Il capitolo successivo apre uno spaccato dai toni volutamente delicati sulla questione dell’identità personale nella demenza. Com’è solito, Fuchs riporta prima le teorie più diffuse in merito, per poi decostruirle e ribadire sempre uno dei più importanti capisaldi del suo pensiero: “l’esistenza personale significa principalmente soggettività corporea ed essere vivo, dall’inizio fino alla fine” (p. 211). Contro il concetto del sé come esclusiva articolazione linguistica, narrativa e sociale che vedrebbe la sua totale disgregazione nella malattia di Alzheimer, l’Autore propone una visione incarnata della demenza, che enfatizza le relazioni implicite che il corpo stabilisce con l’ambiente, la nicchia familiare che reca con sé un senso di familiarità e di appartenenza ad un orizzonte confortante. Contrariamente alla prospettiva di matrice lockiana, la nostra identità si compone di strati che vanno ben oltre la nostra capacità di ricordarli esplicitamente; nel nostro habitus, nel nostro essere “carne del mondo”, mostriamo noi stessi come persone non meno di quanto lo facciano le nostre capacità cognitive e riflessive.

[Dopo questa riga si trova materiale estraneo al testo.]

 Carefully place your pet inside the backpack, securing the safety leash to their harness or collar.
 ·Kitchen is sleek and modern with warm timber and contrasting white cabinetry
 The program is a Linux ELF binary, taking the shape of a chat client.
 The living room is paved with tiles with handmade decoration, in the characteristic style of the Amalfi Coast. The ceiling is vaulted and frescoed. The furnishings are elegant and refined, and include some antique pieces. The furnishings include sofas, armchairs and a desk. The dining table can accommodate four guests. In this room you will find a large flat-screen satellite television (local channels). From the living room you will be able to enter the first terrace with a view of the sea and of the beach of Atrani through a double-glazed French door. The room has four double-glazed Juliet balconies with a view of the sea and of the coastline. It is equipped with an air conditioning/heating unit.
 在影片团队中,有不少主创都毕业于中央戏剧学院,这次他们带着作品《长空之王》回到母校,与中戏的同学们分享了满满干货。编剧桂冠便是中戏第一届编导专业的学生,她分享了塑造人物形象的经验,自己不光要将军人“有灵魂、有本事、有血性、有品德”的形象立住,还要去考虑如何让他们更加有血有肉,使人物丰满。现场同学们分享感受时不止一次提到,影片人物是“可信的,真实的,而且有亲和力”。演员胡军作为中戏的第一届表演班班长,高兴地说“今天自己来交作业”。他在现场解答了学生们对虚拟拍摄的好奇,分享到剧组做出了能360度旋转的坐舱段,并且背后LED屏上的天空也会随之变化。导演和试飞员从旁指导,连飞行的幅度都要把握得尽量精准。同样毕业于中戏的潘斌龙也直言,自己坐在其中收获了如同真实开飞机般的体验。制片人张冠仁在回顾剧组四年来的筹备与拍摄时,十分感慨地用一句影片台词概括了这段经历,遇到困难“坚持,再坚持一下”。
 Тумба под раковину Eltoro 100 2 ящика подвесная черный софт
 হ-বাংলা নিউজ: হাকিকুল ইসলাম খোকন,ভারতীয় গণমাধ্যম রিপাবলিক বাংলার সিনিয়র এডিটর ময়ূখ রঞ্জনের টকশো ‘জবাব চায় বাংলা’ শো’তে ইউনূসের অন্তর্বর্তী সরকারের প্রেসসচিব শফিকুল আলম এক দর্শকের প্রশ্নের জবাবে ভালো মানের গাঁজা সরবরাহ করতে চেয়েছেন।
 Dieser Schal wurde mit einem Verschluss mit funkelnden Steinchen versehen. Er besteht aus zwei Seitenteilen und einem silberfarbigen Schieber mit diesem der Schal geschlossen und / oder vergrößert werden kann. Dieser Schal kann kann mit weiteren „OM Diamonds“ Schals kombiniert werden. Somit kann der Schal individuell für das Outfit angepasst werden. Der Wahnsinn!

A chiosa di questo denso volume, intriso di tutte le note più peculiari del suo pensiero, Fuchs ci invita a ridimensionare anche il valore vissuto del tempo, che la modernità ha trasformato nel veleno dell’esistenza umana, così indaffarata in un’accelerazione sfrenata dei ritmi quotidiani, alla disperata ricerca del soddisfacimento ultimo di desideri sempre più alienanti. Tuttavia, se tornassimo ancora una volta a considerare il corpo, che ci parla in ogni sua manifestazione, vedremmo che esso è principalmente caratterizzato da una struttura ritmico-periodica del presente immediato, caratterizzata da un’alternanza ciclica di carenze, desideri, esaurimento e rigenerazione. Il cosiddetto tempo “ciclico” è radicato nella memoria corporea, nelle sue abitualità e ripetizioni, mentre il tempo “lineare” si sviluppa in concomitanza con la memoria autobiografica, con la consapevolezza di un passato e di un presente, e soprattutto con la prospettiva anticipatoria della morte (p. 231). È proprio quest’ultimo che ha perentoriamente dominato i tempi moderni, creando un’abissale sproporzione tra i due: alcune tra le forme più gravi di mania e depressione sono ascrivibili proprio alla patologica accelerazione del tempo tipica delle società occidentali.
Dunque, osserva lo psichiatra-filosofo, bisogna ricorrere a delle strategie di ritardo e inibizione per permettere anche alle risorse del corpo di rifiorire e rigenerarsi naturalmente. Una di queste strategie potrebbe essere proprio la ritmizzazione della vita, una soluzione straordinariamente semplice quanto effettivamente distante dal nostro modus vivendi attuale: dovremmo, esorta l’Autore, “resistere alla de-ritmizzazione della vita, che si sta estendendo sempre di più a tutte le aree della società. Ad esempio, l’apertura 24 ore su 24, o l’accesso costante ai media, sono i nemici naturali del tempo ciclico, e dunque, umano” (p. 232). Ai nuovi drammi dell’era moderna, che isola e de-umanizza l’uomo creando sempre più disagio e malessere, dovremmo contrapporre sprazzi di spontaneità, ritornare al qui ed ora, alternare fasi di accelerazione a fasi di riposo. Insomma, ogni tanto sarebbe anche opportuno spegnere i riflettori sulle immagini ipostatizzate di noi stessi, e tornare ad osservarci e sentirci come siamo concretamente, in carne e ossa (e dialogo).